BEGIN Given information

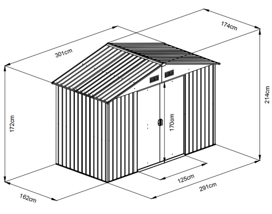 Domek je možné použít k uskladnění zahrádkářských, sportovních, bazénových, grilovacích, campingových, motoristických a dalších potřeb. Jde o jeden z nejkvalitnějších domků na českém trhu se sílou stěny 0,25 mm. Moderní design, barva, snadná montáž, celoroční použití. Kvalitní materiál s povrchovou úpravou - elektrolyticky pozinkovaný plech s žárově nanesenou barvou. Sedlová střecha, čelní posuvné dveře. Možnost uzamčení (zámek není obsahem dodávky).
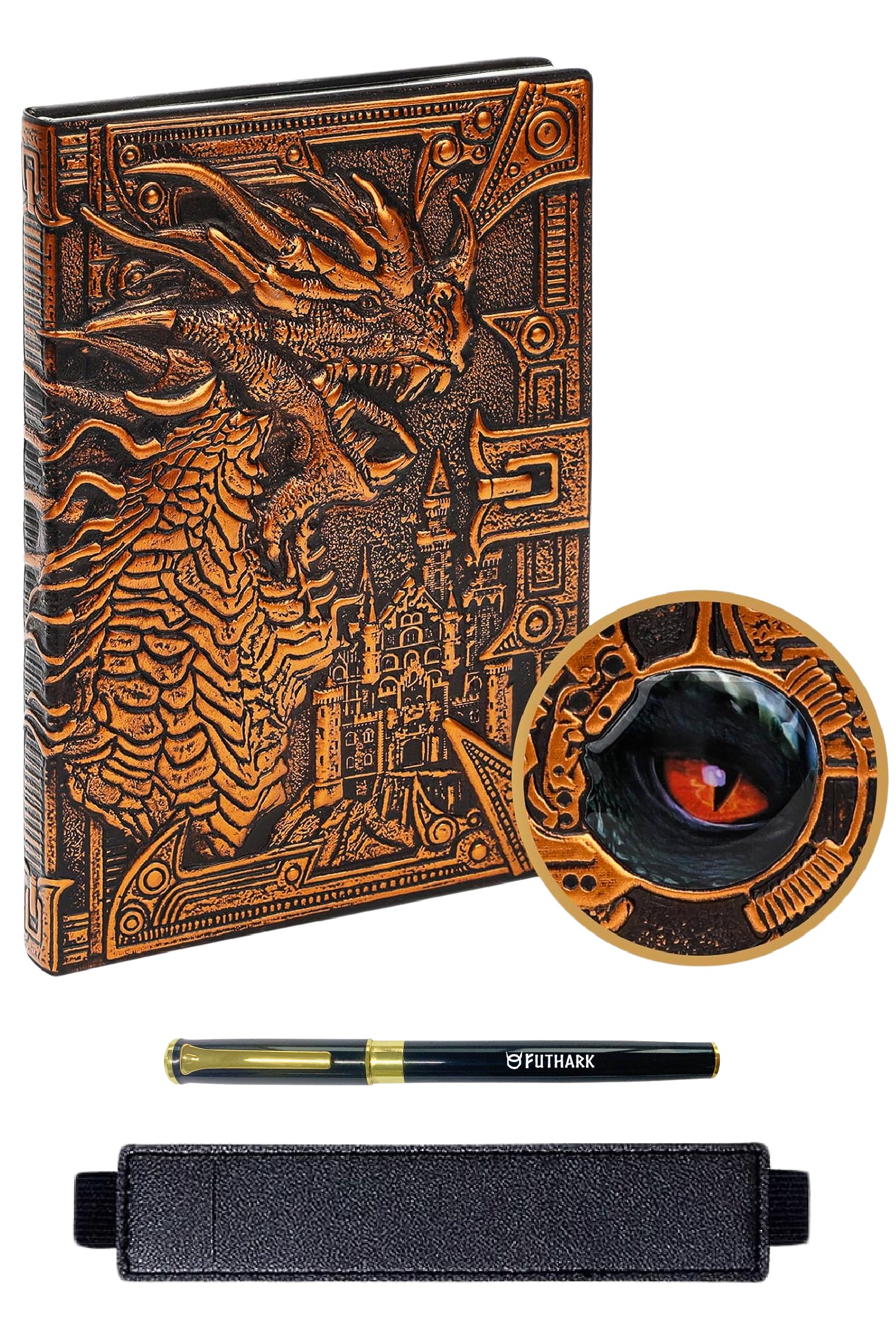 DND Notebook/Journal - 200 Pages with 3D Bronze Dragon including Pen & Pen Holder
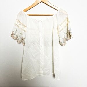 Vtg 70s floral embroidered scallop eyelet lace Oaxacan blouse top peasant boho
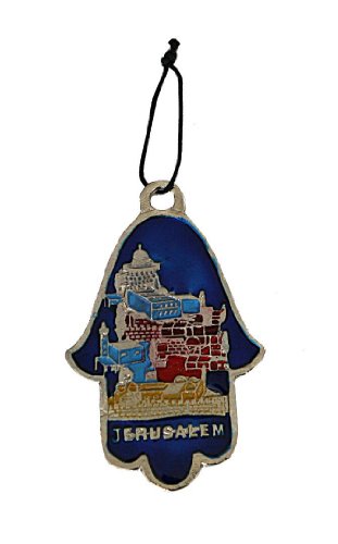 Metal Wall Home Blessing Hamsah Shape Jerusalem Skyline in Yellow, Red, Blue & Light Blue “Jerusalem” Lettering in English Size: 4.5″ Tall x 3″ Wide. Great Gift For: Bar Mitzvah Bat Mitzvah Rosh Hashanah Chanukah Wedding Shabbat Seder Night Passover Purim and Other Jewish Holiday Product Features World Wide Shipping
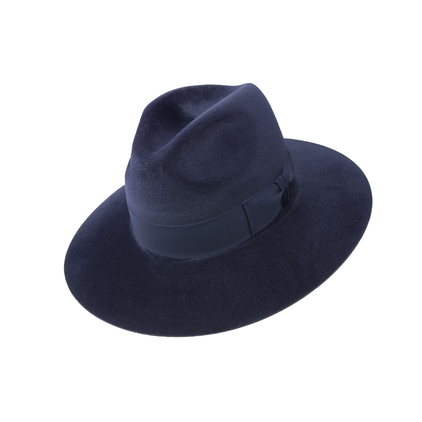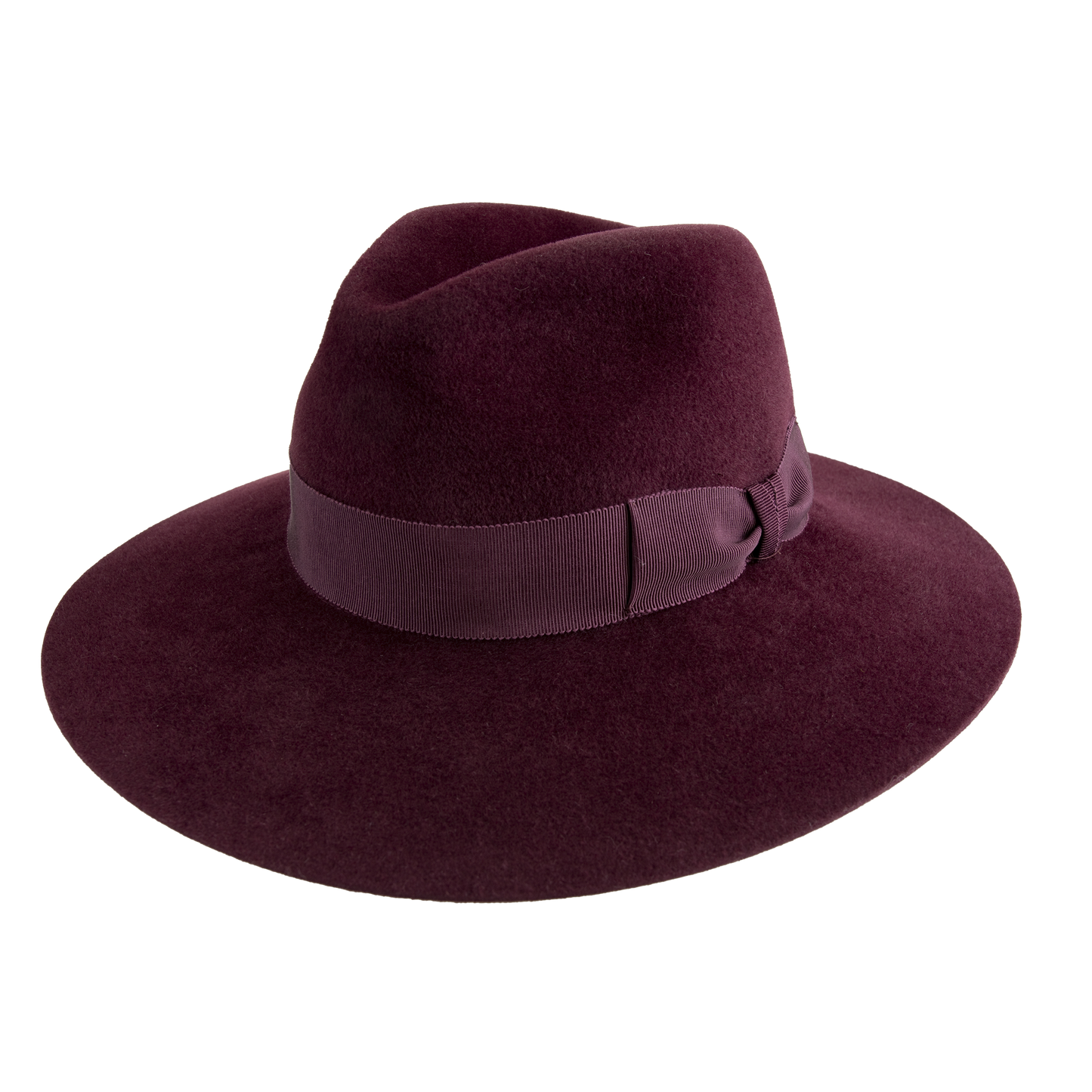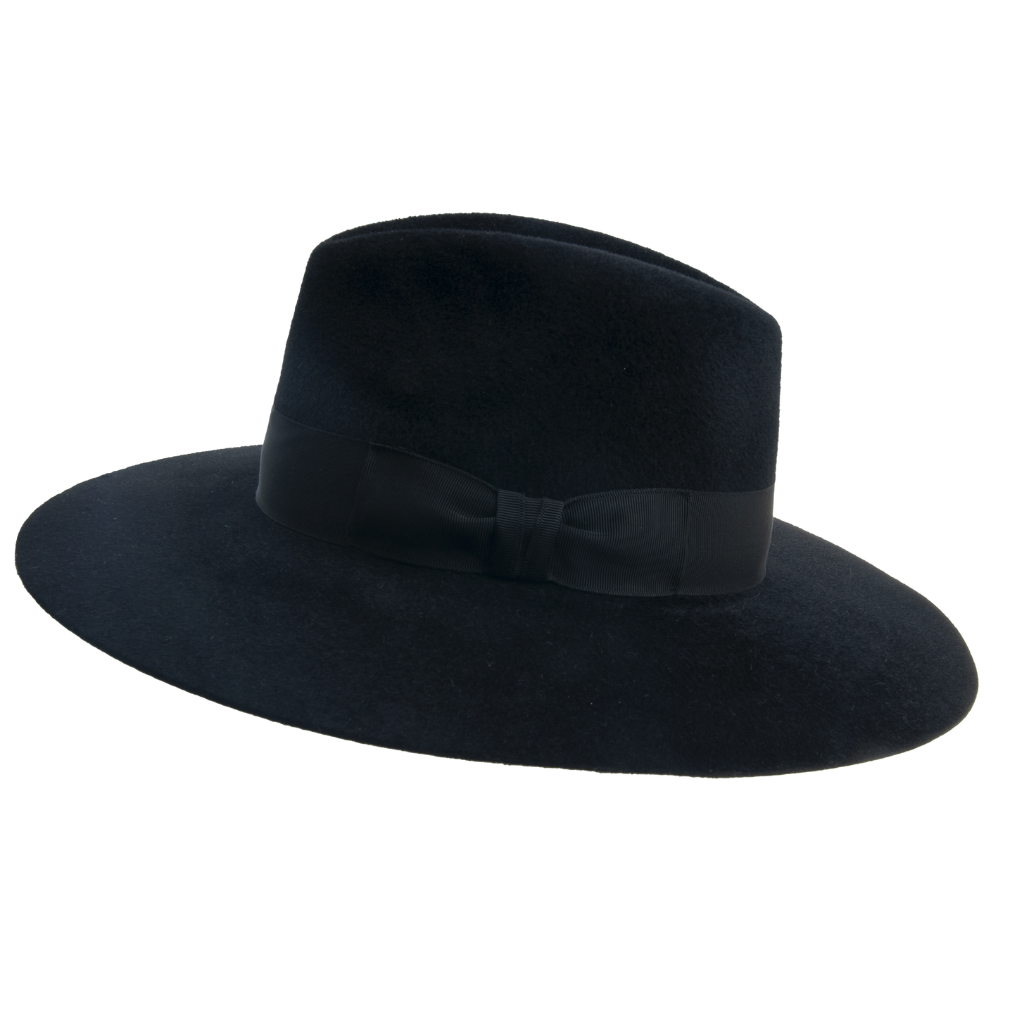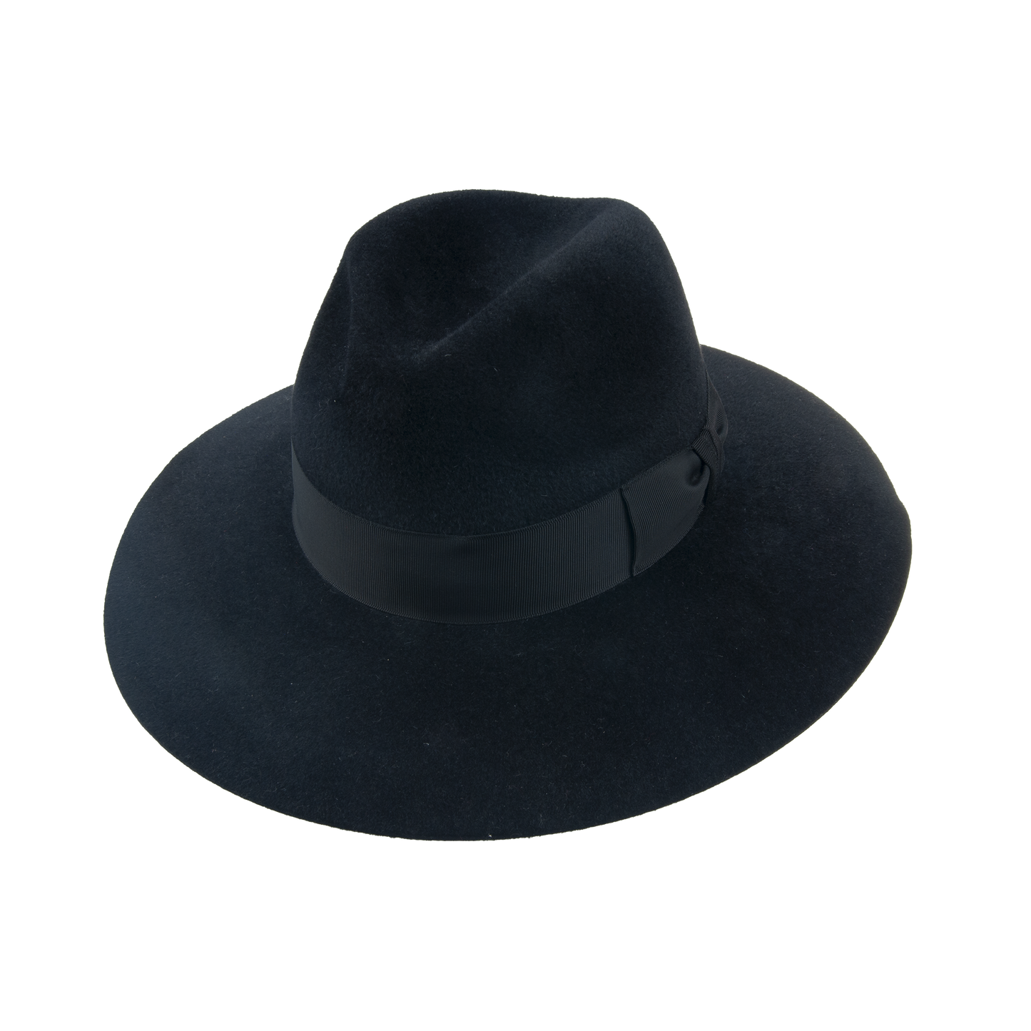 Velurový klobouk z měkčí plsti s látkovým potním páskem zdobený pasentní rypsovou stuhou. Šířka krempy 8,5-9 cm.

END Given information

All lines from the beginning of the material above through the line holding "Vtg 70s floral" are to be given again exactly, and no others; pictures do not go in.

 Domek je možné použít k uskladnění zahrádkářských, sportovních, bazénových, grilovacích, campingových, motoristických a dalších potřeb. Jde o jeden z nejkvalitnějších domků na českém trhu se sílou stěny 0,25 mm. Moderní design, barva, snadná montáž, celoroční použití. Kvalitní materiál s povrchovou úpravou - elektrolyticky pozinkovaný plech s žárově nanesenou barvou. Sedlová střecha, čelní posuvné dveře. Možnost uzamčení (zámek není obsahem dodávky).
 DND Notebook/Journal - 200 Pages with 3D Bronze Dragon including Pen & Pen Holder
 Vtg 70s floral embroidered scallop eyelet lace Oaxacan blouse top peasant boho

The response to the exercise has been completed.